I have the following code in SQL:
CREATE OR REPLACE TABLE `table2` AS SELECT nmc_lvl, count(*) AS total_nb FROM ( SELECT DISTINCT nmc_ray as nmc_lvl, cli_id, date FROM `table1` ) GROUP BY nmc_lvl
I’ve been trying to rewrite it in python like so:
table2 = table1['cli_id', 'date', 'nmc_ray'].unique() table2 = table2.groupby('nmc_ray')['cli_id', 'date'].count()
but I keep getting a generic error message. What am I doing wrong?

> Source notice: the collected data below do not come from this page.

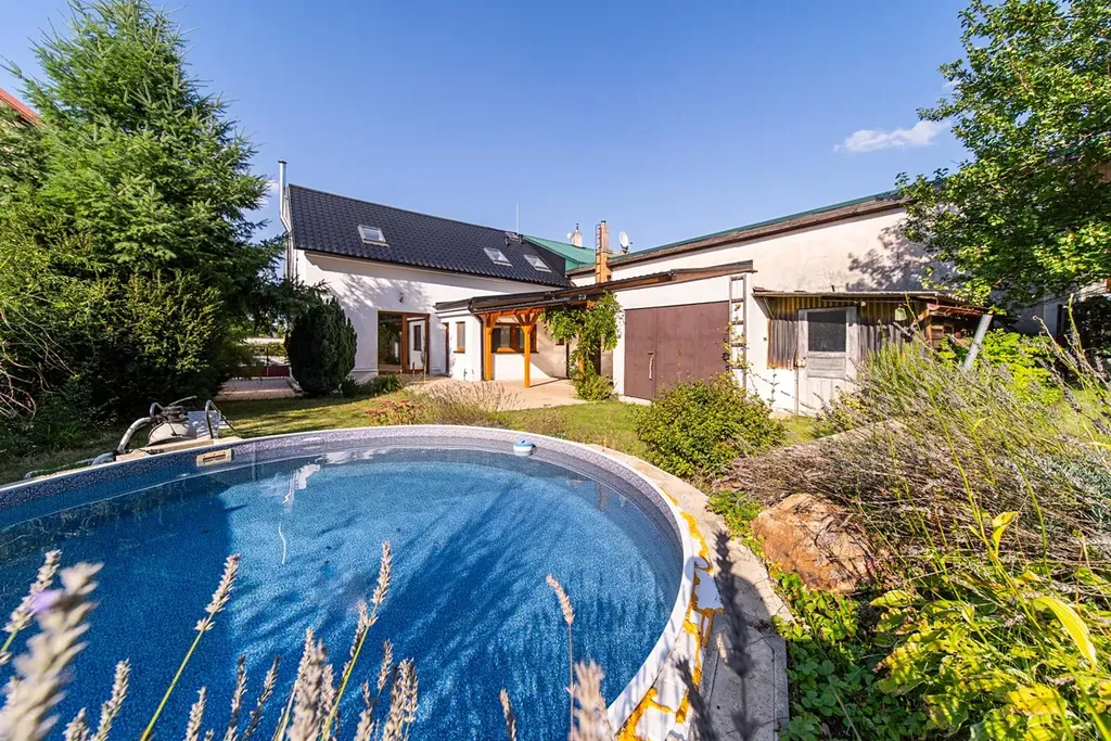 Součástí domu je krásná zahrada s bazénem, kde si můžete užívat letní dny v soukromí. Zahrada nabízí dostatek prostoru pro relaxaci, rodinné aktivity i zahradničení.
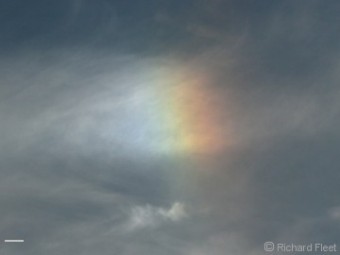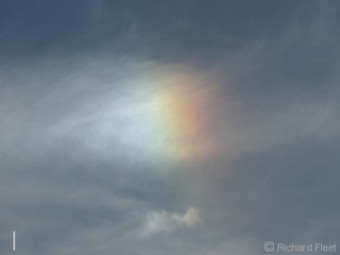 The white vertical line provides a better reference so the change in position of the sundog colour bands is more obvious.
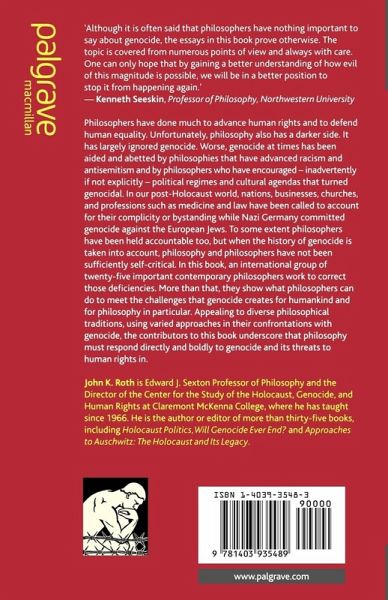 'Although it is often said that philosophers have nothing important to say about genocide, the essays in this book prove otherwise. The topic is covered from numerous points of view and always with care. One can only hope that by gaining a better understanding of how evil of this magnitude is possible, we will be in a better position to stop it from happening again.' - Kenneth Seeskin,
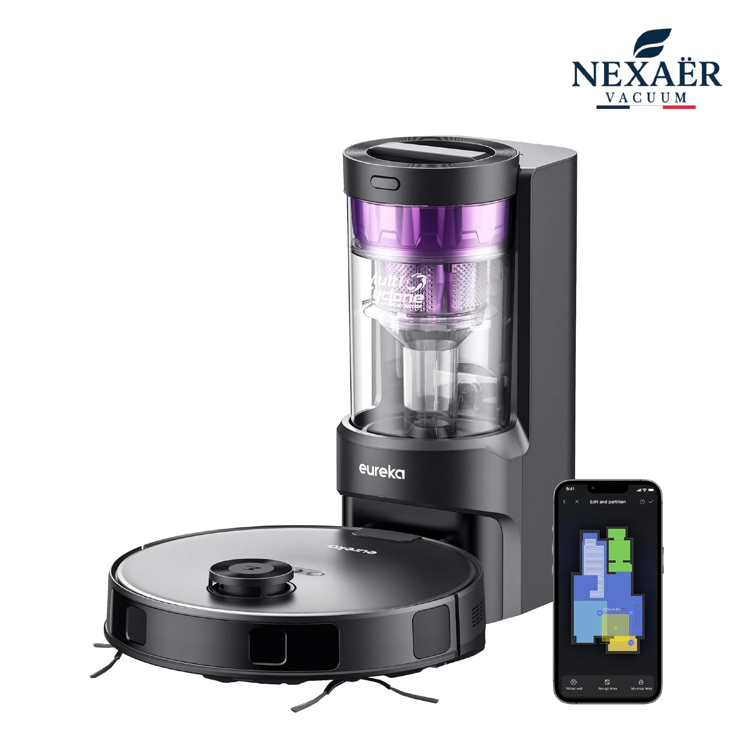 Aspirateur Laveur Robot avec station de vidage cyclonique et navigation LiDAR
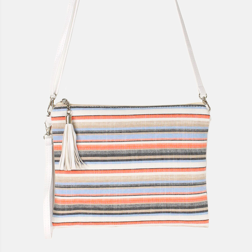 Colorful Striped Wristlet Clutch / Crossbody Bag
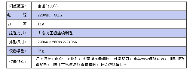 儀器符合GB/T3536;GB/T267;ASTMD92標(biāo)準(zhǔn),適用于測定石油產(chǎn)品的閃點(diǎn)和燃點(diǎn),但不適用于測定燃料油的開口閃點(diǎn)低于79℃石油產(chǎn)品。儀器采用固態(tài)調(diào)壓器,用調(diào)節(jié)旋鈕調(diào)節(jié)電爐電壓從而實(shí)現(xiàn)按標(biāo)準(zhǔn)要求的升溫速度。
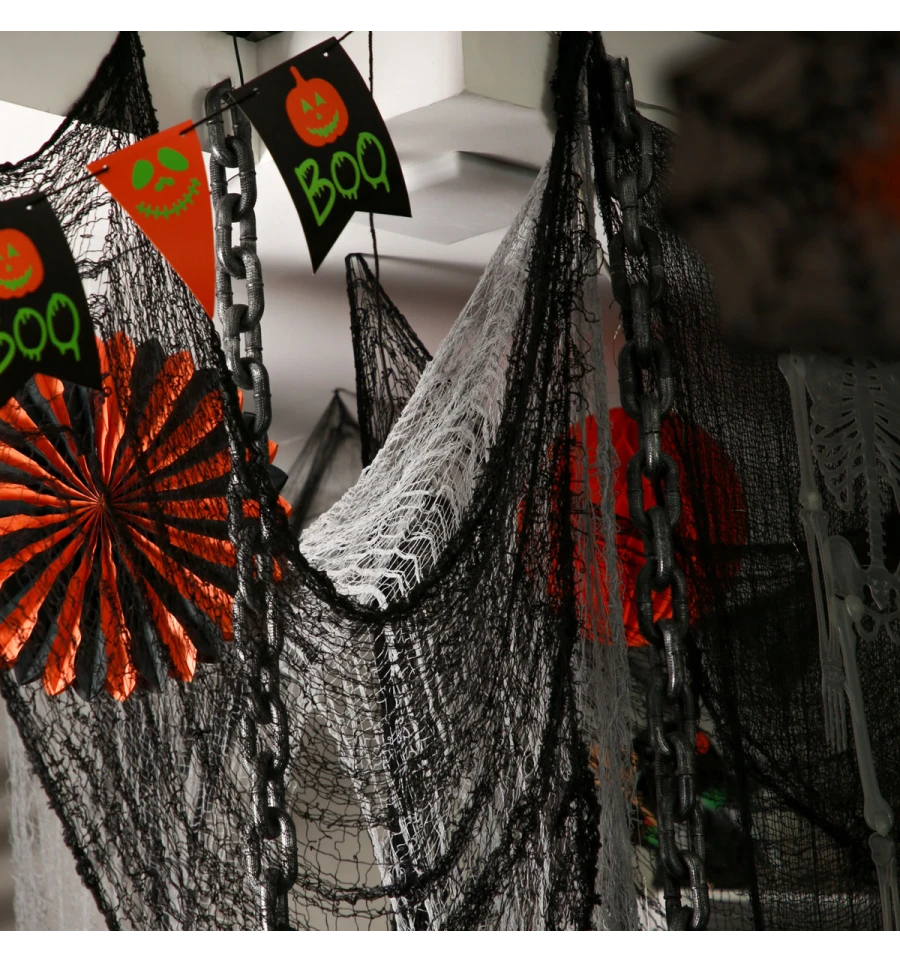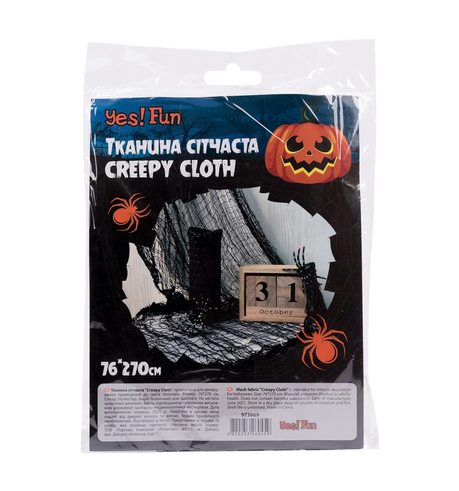 Тканина сітчаста "Creepy Cloth" призначена для декорування приміщення до Хелловіну, для створення загадкових композицій, а також може використовуватися як аксесуар до святкового образу. Розмір: 76х270 см. Склад: поліестер.

EDIT: added the error message
KeyError Traceback (most recent call last) /tmp/ipykernel_7989/1297335147.py in <module> ----> 1 table2 = table1['cli_id', 'date', 'nmc_ray'].unique() 2 table2 = table2.groupby('nmc_ray')['cli_id', 'date'].count() /opt/conda/lib/python3.7/site-packages/pandas/core/frame.py in __getitem__(self, key) 3456 if self.columns.nlevels > 1: 3457 return self._getitem_multilevel(key) -> 3458 indexer = self.columns.get_loc(key) 3459 if is_integer(indexer): 3460 indexer = [indexer] /opt/conda/lib/python3.7/site-packages/pandas/core/indexes/base.py in get_loc(self, key, method, tolerance) 3361 return self._engine.get_loc(casted_key) 3362 except KeyError as err: -> 3363 raise KeyError(key) from err 3364 3365 if is_scalar(key) and isna(key) and not self.hasnans: KeyError: ('cli_id', 'date', 'nmc_ray')
Advertisement
Answer
IIUC, you could try the following:
table2 = (table1.drop_duplicates(subset=['nmc_ray', 'cli_id', 'date'])[['nmc_ray','cli_id','date']] .rename(columns={'nmc_ray':'nmc_lvl'}) .value_counts('nmc_lvl').reset_index(name='total_nb'))
The equivalent of SELECT DISTINCT col
is drop_duplicates(col)
and the equivalent of SELECT col, count(*)
is value_counts(col)
.